Karl was staring gloomily through the glass at his disappearing world. ‘She’s firing me but it’s none of their bloody business. It’s domestic.’
Kerr’s mobile beeped again. ‘No, it’s political, and I’m very sorry about it.’
‘Do you know the last time I was in uniform? Sixteen years ago. No way am I going back to that.’
‘You’re being hasty, Karl. We all need you here. Place wouldn’t be the same without you.’ Unable to resist any longer, Kerr picked up his BlackBerry, glanced at the screen and put it down. ‘Just hold on for a few weeks and everything will be fine.’
‘Too late. I just called Olga back. She’s really upset for me. Been making some calls since I left for the office. Says I can work for a friend of hers till things settle down.’
‘What sort of friend?’
‘He was at the party on Friday. A real high roller.’
‘A client, you mean.’
‘No way,’ said Karl, looking awkward. ‘An associate.’
‘What’s his name?’
‘Yuri Goschenko. I’m going to do some driving for him, starting this afternoon.’
‘Hang on, Karl. What do you know about this guy?’
‘He has his own company. Eagle Security Services. Protection, bodyguarding, home alarms, that sort of thing. It’s just part-time.’
‘Moonlighting, you mean.’
‘Chauffeur to start, while I work my notice and get my life sorted.
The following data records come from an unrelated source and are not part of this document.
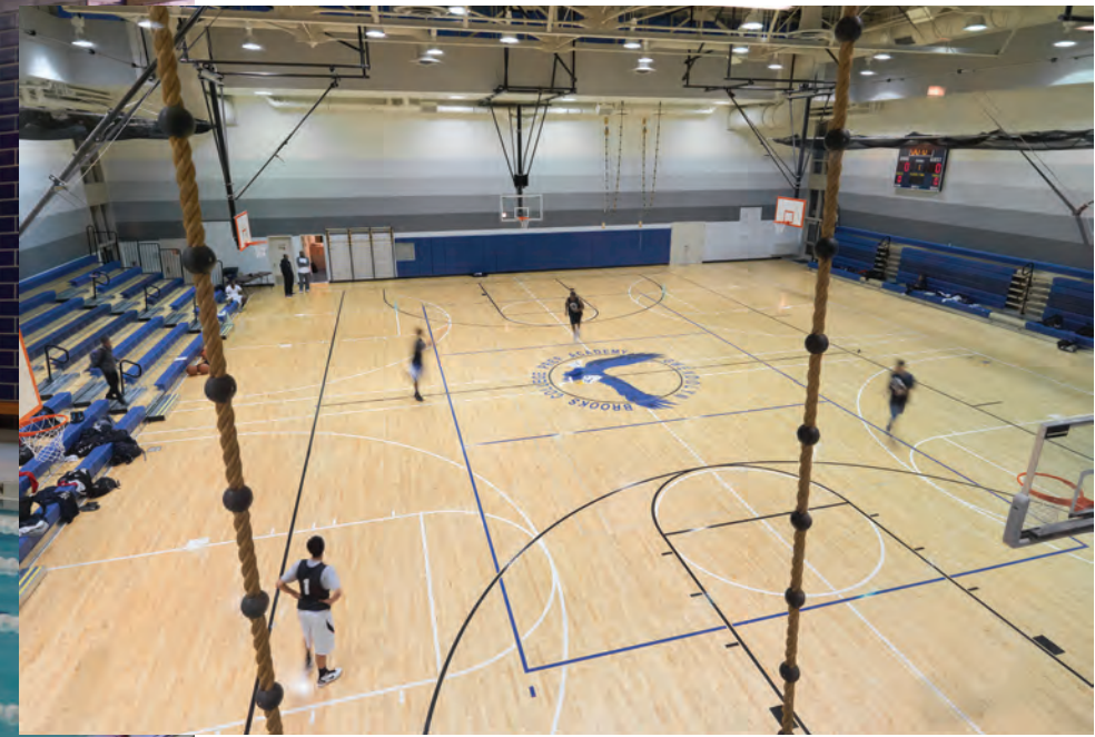
Above: The East Addition includes the auditorium and arts suite, music/practice rooms and a library/media resource center. Center & Far Right: The West Addition includes a two station gymnasium, natatorium and a fitness/weight room.
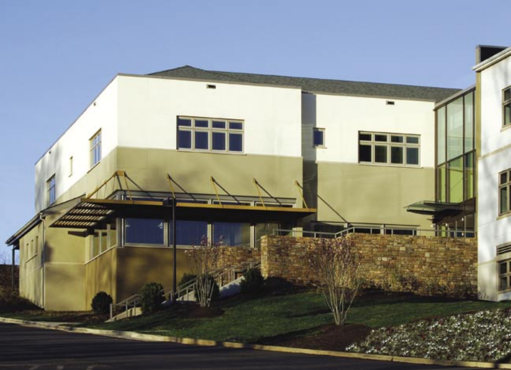
Wakefield School, THE PLAINS, VA

It's a fact: Environment enhances learning. Learning is affected by physical factors such as building age and condition, visual factors and lighting. School spaces designed to maximize efficiency in all types of things—things like circulation, access and multi-use—allow more time and energy for learning activities.
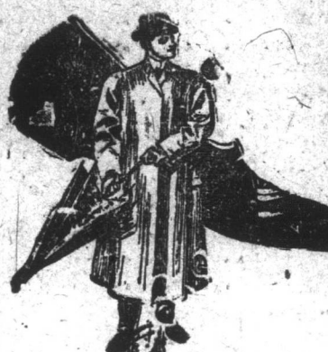
Men's Storm and Low Cut.

We were never better prepared with such leading brands as "Excel", "Merchants", "North British", "Gutta Percha"—all firsts, no culls or seconds.
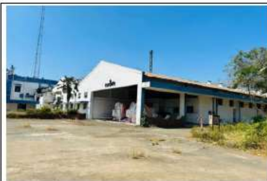
GI SHEET PROCESSING AREA VIEW
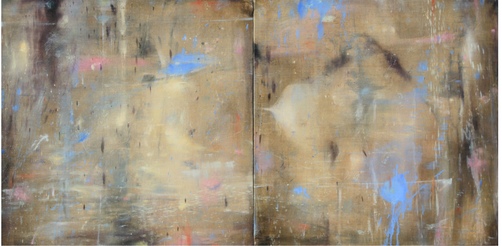
Fête, 50 x 100 cm, acrylic & oil on canvas
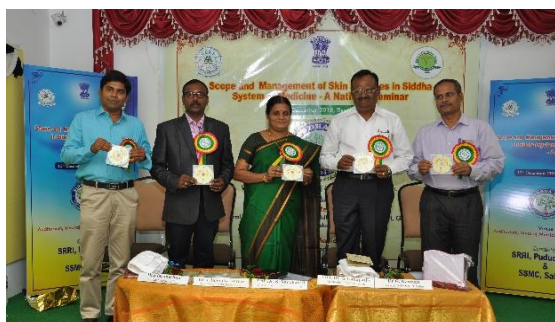
Figure 43: Release of Seminar proceedings in CD format
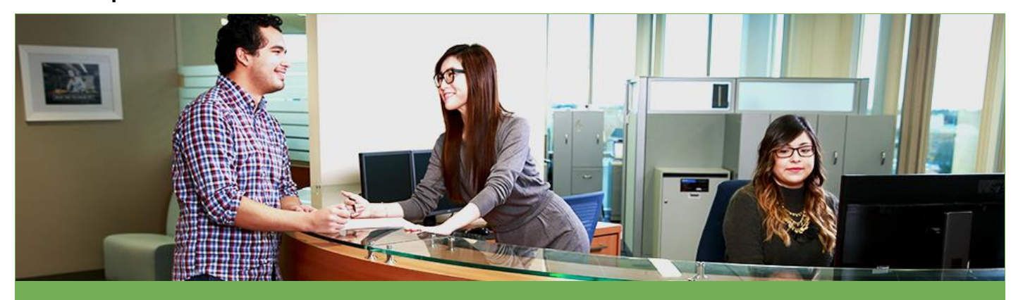
Goal 3: Provide improved services to apprentices and employer sponsors.
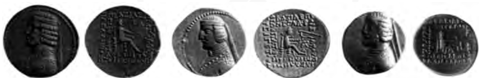
Fig. 9. Tetradrachm and drachms (with and without monogram) of type 36 (tetradrachm formerly Shore coll.; drachms author's coll.)
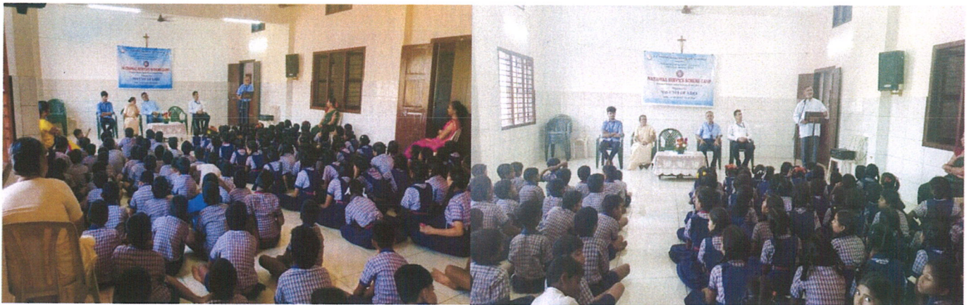
Figure: Valedictory function.
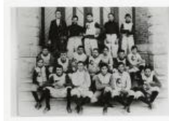
Grand Junction's First Football Team (F475.1)

Better than doing nothing, John.’
‘I’m just saying don’t burn your bridges. We want you back here some day, so make sure you do some more checks on this guy before you get in too deep.’
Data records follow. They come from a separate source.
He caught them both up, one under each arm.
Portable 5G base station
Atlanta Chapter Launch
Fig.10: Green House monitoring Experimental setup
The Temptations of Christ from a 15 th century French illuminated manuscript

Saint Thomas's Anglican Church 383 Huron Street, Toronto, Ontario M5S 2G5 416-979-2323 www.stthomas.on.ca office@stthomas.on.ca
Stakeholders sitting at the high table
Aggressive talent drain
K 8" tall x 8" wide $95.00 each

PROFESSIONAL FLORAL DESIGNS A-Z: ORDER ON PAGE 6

‘You don’t have to worry about me. This is one Russian helping another, that’s all. Just like the English do.’
‘What’s Goschenko’s politics?’
‘Making money.’ Karl was beginning to sound irritated.
‘Both of us know he might be a hood, Karl, so watch your back.’
Alan Fargo was loitering outside the door with the padlocked canvas bag 1830 used to transfer top-secret documents between offices. Kerr gave him a thumbs-up and hauled himself to his feet. ‘Look, is there anything you need right now?’
‘I will be fine,’ said Karl, wearing his lopsided smile that said things would not be so bad, ‘and it’s been very good to work with you. I’d like to buy you a beer some time. Perhaps with Nancy. I know she’d like to see you again.’
‘Send her my best. Take care of yourself and let’s catch up soon,’ said Kerr, shaking hands. ‘And don’t be frightened to dish the dirt on this guy.’